Hagop and Otto, Goblin and One-Eye and I went through this before, on the Plain of Fear, where for about five thousand years we lived like badgers in the ground.
“Cletus. Where’s Goblin?” Cletus is one of three brothers who serve as our engineers and master artillerymen.
“Around the corner. Next cellar.”
Cletus, Loftus and Longinus are geniuses. They figured out how to bring fresh air down the chimneys of existing structures up top, then into the deep tunnels, let it flow slowly through the complex, then send it up other chimneys. Plain engineering, but it seemed like sorcery to me. A flow of breathable air, though slow and never pure, serves us well enough.
It does nothing to lessen the damp and the smell.
I found Goblin. He was holding a candle for Longinus while the latter slapped wet mortar onto freshly scrubbed stonework about eye level. “What’s the problem, Goblin?”
“Rained like a bastard up there, eh?”
“Gods swiped a river somewhere and dropped it here.
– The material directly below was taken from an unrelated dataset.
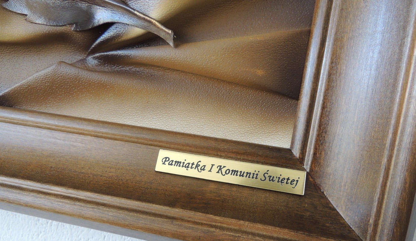 Na tle obrazu w jednym z narożników zamieszczamy złotą tabliczkę z grawerem

Why?”
“We’ve got a thousand leaks down here.”
“Big problem?”
“Could be later on. There’s no drainage. We’re as low as we can go unless the Twelve tunnel goes good.”
“Sounds like an engineering problem to me.”
“It is,” Longinus said, smoothing the mortar. “And Clete did anticipate it. We’ve waterproofed from the start. Trouble is, you can’t tell how you’re doing until you get a really nasty rain. We’re lucky it didn’t go on the way it does during the rainy season. Three days of that, we might’ve gotten flooded out.”
“Still sounds like an engineering problem. You can handle it, right?”
Longinus shrugged. “We’ll work on it. That’s all we can do, Croaker.”
Little dig there. Like telling me, let everybody do their own worrying.